🤖 AI Summary
This work addresses the dynamic pricing problem under adversarial corruption, where existing methods suffer from regret bounds that couple the corruption level $C$ with the time horizon $T$, preventing optimality. The authors propose a novel robust binary search strategy integrated with an adaptive feedback handling mechanism, which effectively tolerates up to $C$ rounds of adversarial manipulation.
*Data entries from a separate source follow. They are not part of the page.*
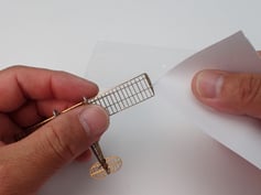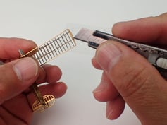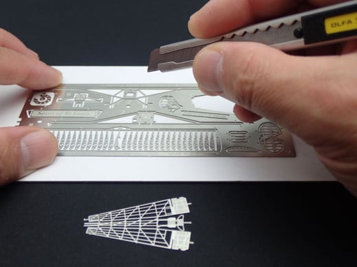 金属模型なのに、小型のカッターナイフでプチっと押し切れます。カッターマットか、キット付属の台紙(厚紙)の上で切りましょう。尖った刃や、薄いデザインナイフは金属を切るのに適していません。
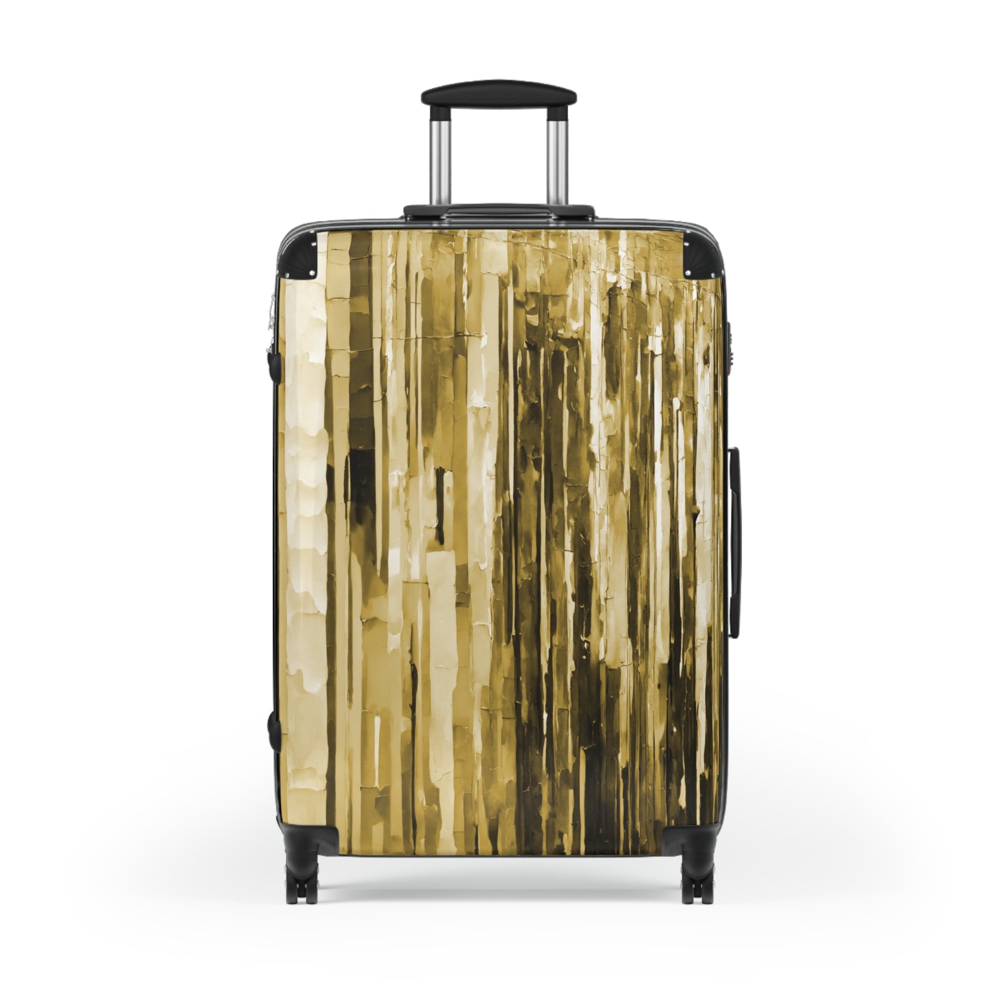 Striped Light Brown Large Suitcase with built in lock, 4 double-wheels, telescopic handle, and ABS back hard-shell
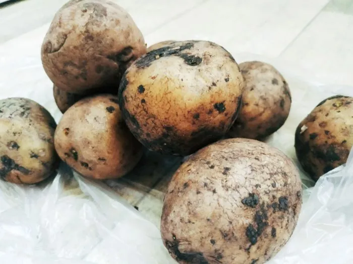 - Полевая сортировка. Сразу после выкопки необходимо отбраковать клубни с явными признаками болезней, механическими повреждениями (порезы, трещины) и «зеленцы». Такой картофель не подлежит длительному хранению и должен быть использован в первую очередь.

When $C$ is known, the algorithm achieves a regret bound of $O(C + \log T)$; when $C$ is unknown, it attains $O(C + \log^2 T)$. This result is the first to fully decouple the dependence of regret on $C$ and $T$, resolving a long-standing open problem in the field and significantly improving upon the previous best-known bound of $O(C \log\log T)$.
📝 Abstract
We design the first regret guarantees for robust dynamic pricing that decouple the dependence on the corruption $C$ and the time horizon $T$. In dynamic pricing, a seller with unlimited supply of a good interacts with a stream of buyers over \( T \) rounds, with the goal of maximizing revenue. At each round $t$, the seller posts a price $p_t$, and the buyer purchases the good only if their unknown valuation $v^\star$ exceeds this price. The seller observes only the binary feedback $\mathbb{I} \left\{ p_t \leq v^\star \right\}$, indicating whether a sale occurred. In the \emph{robust} pricing setting, a malicious adversary is allowed to corrupt this feedback in at most $C$ rounds. Even if the learner knows the corruption $C$, the best known regret bound is $\mathcal{O}(C\log\log T)$ by Gupta et al. [2025]. This leaves as an open problem to ``decouple'' the dependence on $C$ and $T$. In this work, we resolve this open problem. In particular, we develop a robust variant of binary search that achieves regret $\mathcal{O}(C+\log T)$ when the corruption $C$ is known and $\mathcal{O}(C+\log^2 T)$ when the corruption is unknown.